Loss drops below train2 for the first time. The model now uses context
beyond the previous character. This is the first step where adding
parameters actually buys you something.

### train4 — multi-head attention and a layer loop

Two changes:

1. **Multi-head**: split the embedding into `n_head` chunks, run a separate
   attention on each, concatenate. Why? Each head can specialize. One head
   might track "vowel after consonant," another "what was the first letter."
   Empirically this helps; the parameter count stays the same as one big
   head.
2. **Layer loop**: stack the transformer block `n_layer` times, with
   layer-prefixed parameter names so the optimizer can find them.

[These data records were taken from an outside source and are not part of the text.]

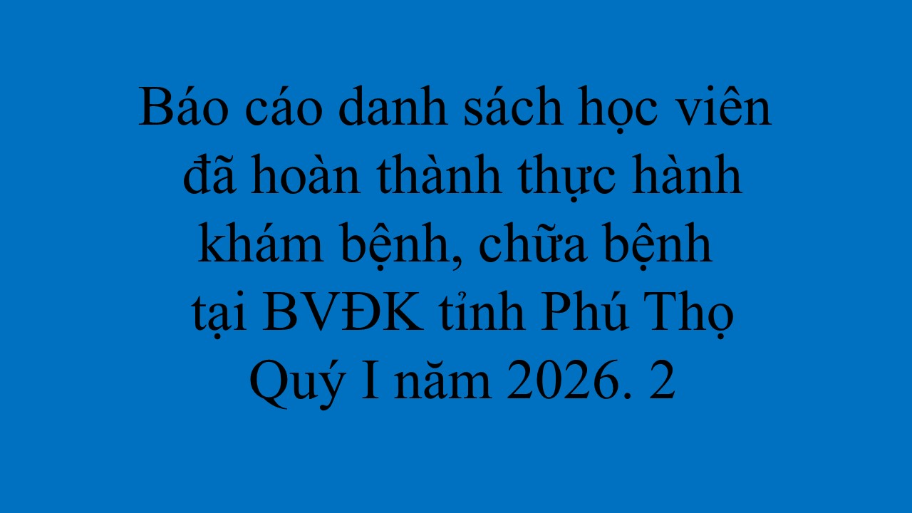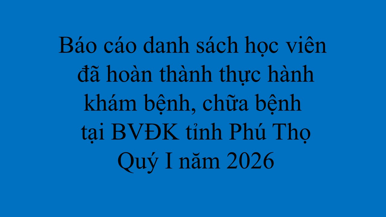 Báo cáo danh sách cán bộ đã hoàn thành thực hành khám bệnh, chữa bệnh tại BVĐK tỉnh Phú Thọ Quý IV năm 2025 Xem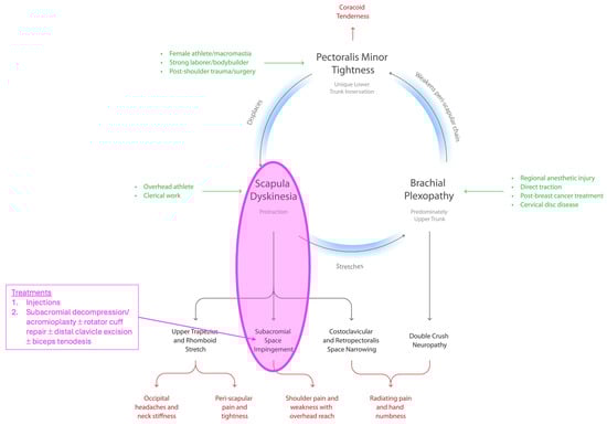 Previously, the causative relationships between the entities of PM tightness, scapular dyskinesis, and shoulder impingement has remained clouded in uncertainty and baffled surgeons [13]. PM tightness is traditionally thought to occur with impingement and cuff pathology [30] but develop after abnormal scapulothoracic motion [31,32]. Thus, while PM release has certainly been shown to improve scapular mechanics, widen the subacromial space, and decrease pain [33,34,35], “the cause of PM tightness is not fully understood” [34]. In contrast, the HDL uniquely identifies a single anatomic source as the underlying cause of scapular dyskinesis [29] and then clarifies a clear causation pathway between PM tightness, scapular dyskinesis, and subacromial impingement (Table 3). Hence, the HDL accounts for all chronic pain symptoms associated with SAPS including headaches, impingement, and neuropathy, and better identifies a broader set of patients who will benefit from PM + ICN.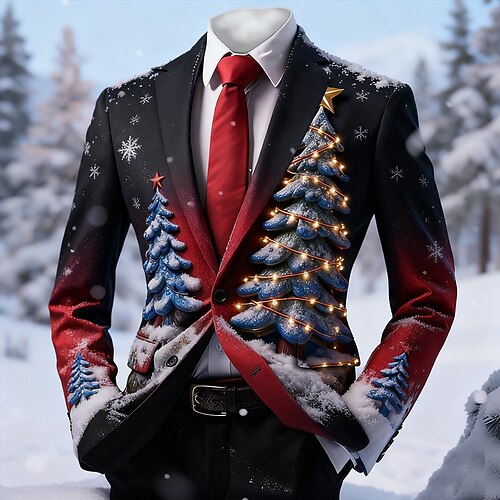 Per uomo Blazer Cappotto Natale Casuale Casual Quotidiano Autunno / Inverno 100% Poliestere Albero di Natale Stampa 3D Bottoni Calore Termico Confortevole Monopetto Giacca Nero Rosso Blu oceano Blu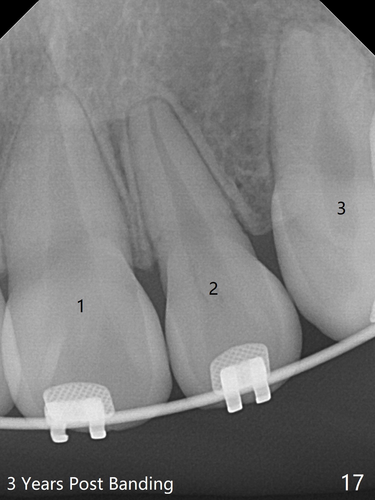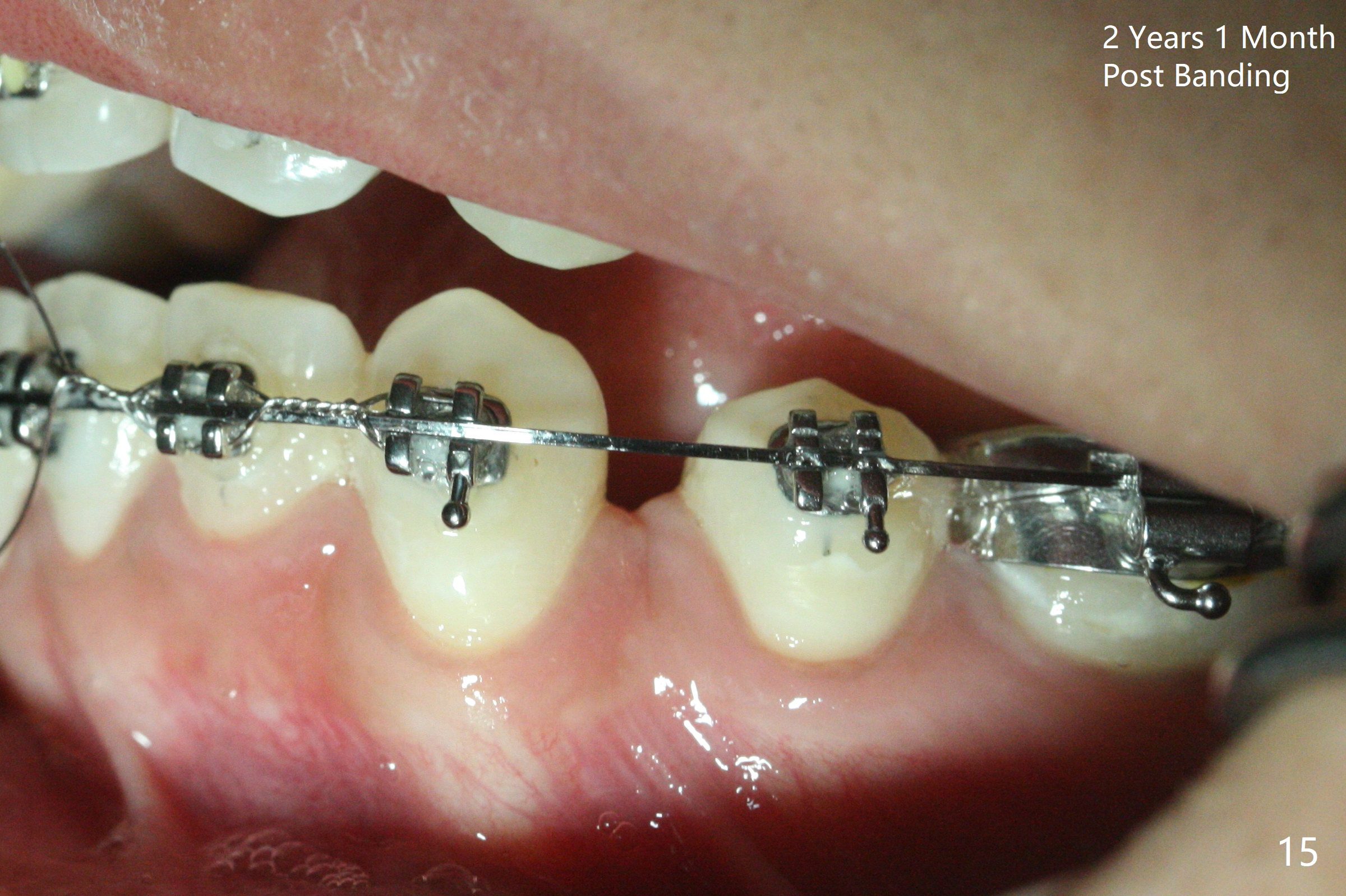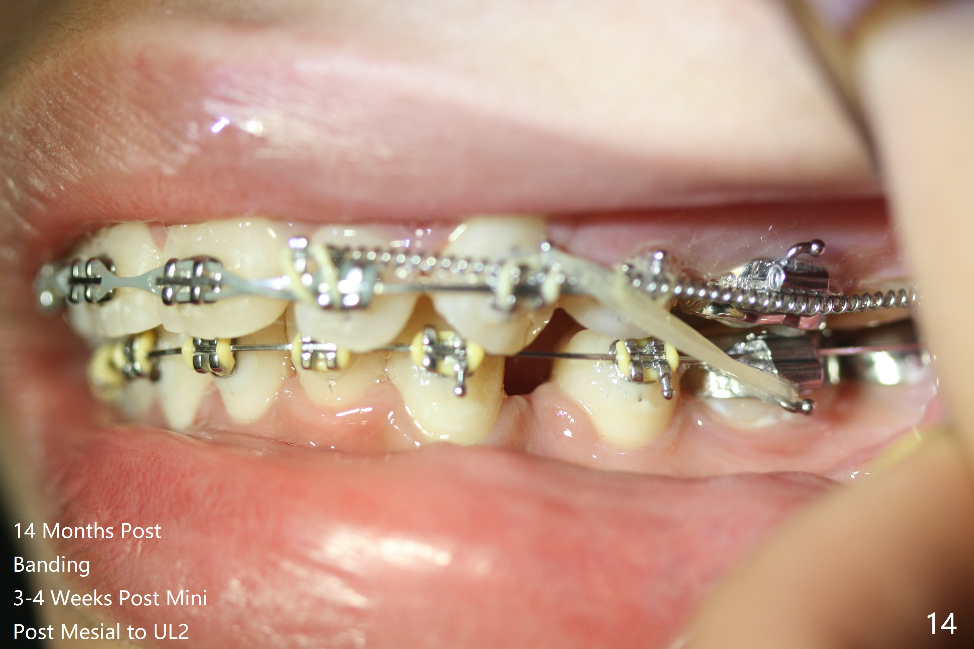 Thirteen months post banding, U dental midline apparently coincides with facial one, diastemata: UL2/3, UL6/7, L3-3, UL post detached, placed crimpable mini post mesial to UL2, closed spring UL2-7. Three-4 weeks later, diastema appears between UL1/2, while that of UL6/7 closes. Continue closed spring between UL2/7, while adding power chains U2-2 (Fig.12). To correct anterior overjet (Fig.13), Class II retraction is introduced bilaterally (Fig.14). After mesialization of LL3 (with Class I canine occlusion), L3-3 are being ligated as an anchor to mesialize LL5 (Fig.15). Occlusion appears to be Class II nearly 3 years post banding. Miniimplants are planned to distalize the upper dentition. Upper anterior PAs are taken to determine whether the roots of the upper anterior teeth have been resorbed. In fact, they are (Fig.16,17). Fortunately the anterior overjet does not look so severe. Orthodontic treatment should be terminated soon. Next case PAs should be taken prior to distalization.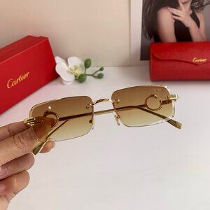 This refined Cartier gold rimless eyewear combines classic elegance with modern appeal, featuring stylish gradient lenses.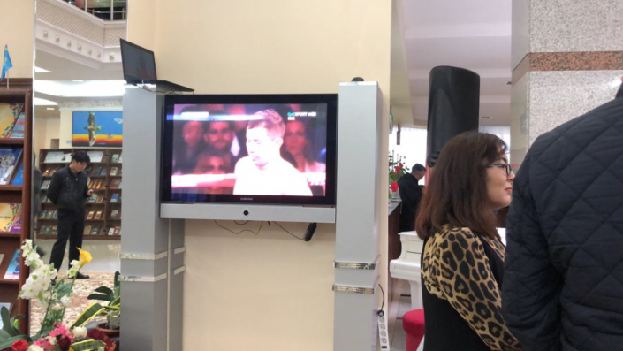 А вот так транслировали бой Головкина на избирательных участках в столице. Показывать долго не пришлось - GGG отправил Роллса в нокаут в четвертом раунде.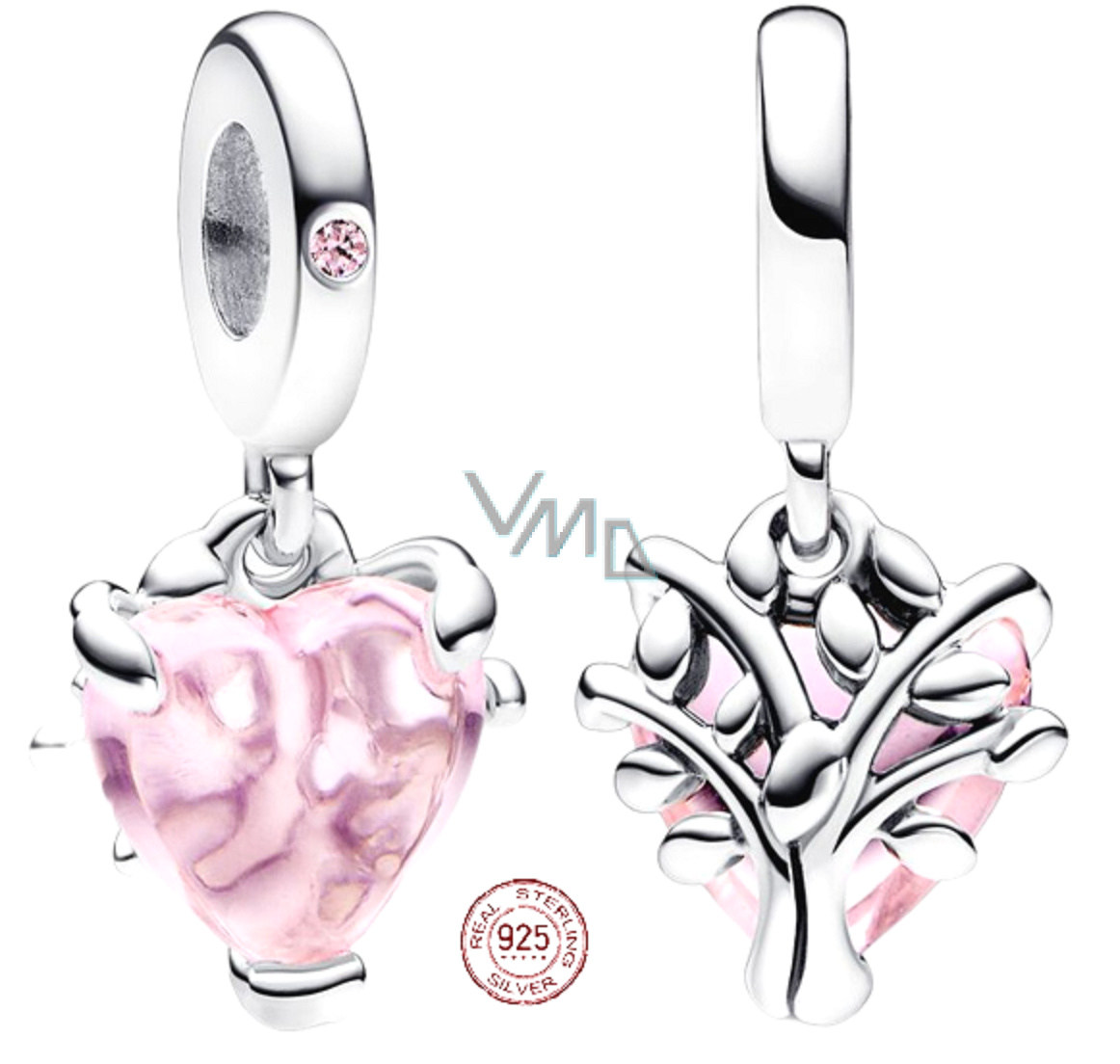 Charm Srebrny 925 Różowe drzewo życia, jedno serce, jeden pochodzenie, zawieszka na bransoletkę rodzina

After this file the **architecture** is identical to the final `train.py`.
The only thing left is the optimizer.

### train5 — Adam

SGD takes the same step size for every parameter and has no memory. Adam
keeps two running averages per parameter:

- **First moment** (mean of gradients) — momentum. Smooths out noise and
  keeps moving in directions that have been consistent.
- **Second moment** (mean of squared gradients) — per-parameter learning
  rate. Parameters with consistently large gradients get smaller effective
  steps.

The result is faster convergence and less hyperparameter babysitting. Same
model, lower loss in the same number of steps. This is `train.py`. We are
done.

## What microgpt is not

microgpt is the **algorithmic** core of an LLM. It is not the **engineering**
core. To go from microgpt to a frontier model you would add:

- A subword tokenizer (BPE) instead of single characters.
- Tensors and a GPU. The `Value` class is a few thousand times slower than
  PyTorch on the same algorithm.
- Trillions of tokens of training data instead of 32k names.
- Hundreds of layers, billions of parameters.
- Mixed precision, distributed training, gradient checkpointing, FlashAttention,
  and a thousand other tricks that buy speed but not new ideas.
- Post-training: supervised fine-tuning, RLHF / RLAIF, tool use.

None of these change the algorithm. They change what scale the algorithm can
run at. The fact that you can write the algorithm in 200 lines of pure Python
is the point of this lecture.

## Resources

- Karpathy, *microgpt* blog post — https://karpathy.ai/microgpt.html
- Final single-file gist (`microgpt.py`) — https://gist.github.com/karpathy/8627fe009c40f57531cb18360106ce95
- Build progression gist (`build_microgpt.py`) — https://gist.github.com/karpathy/561ac2de12a47cc06a23691e1be9543a
- Predecessors worth knowing: **micrograd** (autograd in 100 lines), **makemore**
  (the names dataset and the bigram → MLP → transformer progression on it),
  **nanoGPT** (the same idea at scale, in PyTorch).

## Hands-on

See `handson/README_en.md`. Six files, six steps, in order. Read, run, diff.